À l’origine de ce show si couru et si privé ? Le groupe Richemont, numéro deux du luxe en France après LVMH. À tout seigneur tout honneur, il y présente ses douze marques jusqu’au 23 janvier (IWC, Jaeger-LeCoultre, A. Lange & Söhne, Vacheron Constantin, Baume & Mercier, Dunhill, Montblanc, Panerai, Roger Dubuis et Van Cleef & Arpels). Les autres sont des indépendants comme Audemars Piguet, JeanRichard, Girard-Perregaux et Parmigiani. L’événement remplit le rôle de baromètre de la santé du secteur de la haute horlogerie et de la joaillerie, et plus simplement du luxe.
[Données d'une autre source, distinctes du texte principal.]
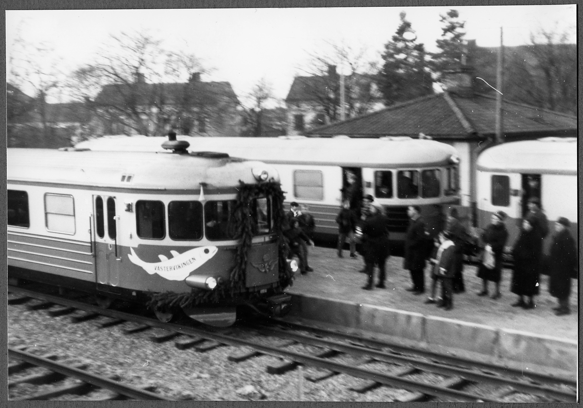 Invigningståget anländer Västervik med Statens Järnvägars Generaldirektör Erik Upmark.

Cette année, pour la première fois de son existence et pour une question d’organisation, il a été déplacé en janvier. D’habitude il ouvre en mars-avril, aux avant-postes de la Foire horlogère de Bâle, et connaît une atmosphère trépidante, les acheteurs passant d’un salon à l’autre. Est-ce un effet de la crise ou de ce changement de dates ? L’atmosphère était cette fois nettement plus calme. Les grands acheteurs semblent en effet s’être déplacés en solitaires, sans leurs équipes, frais de transport obligent, quitte à passer les commandes seuls. Un exercice peu aisé au moment où l’horizon présente un total manque de visibilité. Le groupe Richemont lui même annonce un chiffre d’affaires en recul de 7 % pour 2008, alors que, dans les couloirs, les spécialistes évoquaient leurs « immenses inquiétudes ».

Une conjoncture glaciaire à bien des égards

Les chiffres de fréquentation, annoncés à l’AFP avant même la fin de la manifestation, soulignent le caractère exceptionnel de cette situation. Fabienne Lupo, directrice du salon, prévoit une fréquentation fondue comme neige au soleil avec « une baisse de 50 % pour l’Amérique du Nord, proche de 45 % pour le Japon, tandis que l’Asie devrait aussi afficher une fréquentation en baisse de 25 % », et conclue du même coup sur la conjoncture « glaciaire à bien des égards ». Enfin, comme une mauvaise nouvelle n’arrive jamais seule, le joaillier français Cartier, filiale du groupe Richemont, annonçait la mise au chômage partiel de la quasi-totalité de son site de Villars-sur-Glâne pour faire face au ralentissement conjoncturel de ses commandes.

Nous avons connu de belles rencontres créatives et d’autres misent sur un élargissement des gammes afin de toucher toute la clientèle possible

Du coup, le SIHH a remisé les paillettes, le glamour et les coupes de champagne. On a coupé dans les dépenses pharaoniques – sauf quelques exceptions, dont Audemars-Piguet ou IWC, qui ont maintenu leurs soirées. En revanche, côté nouveautés, une stratégie s’amorce. Nous avons connu de belles rencontres créatives et d’autres misent sur un élargissement des gammes afin de toucher toute la clientèle possible. Ces efforts sont vraiment encourageants et démontrent que, malgré une crise sévère, le haut luxe sait encore tirer des cartouches qui font mouche.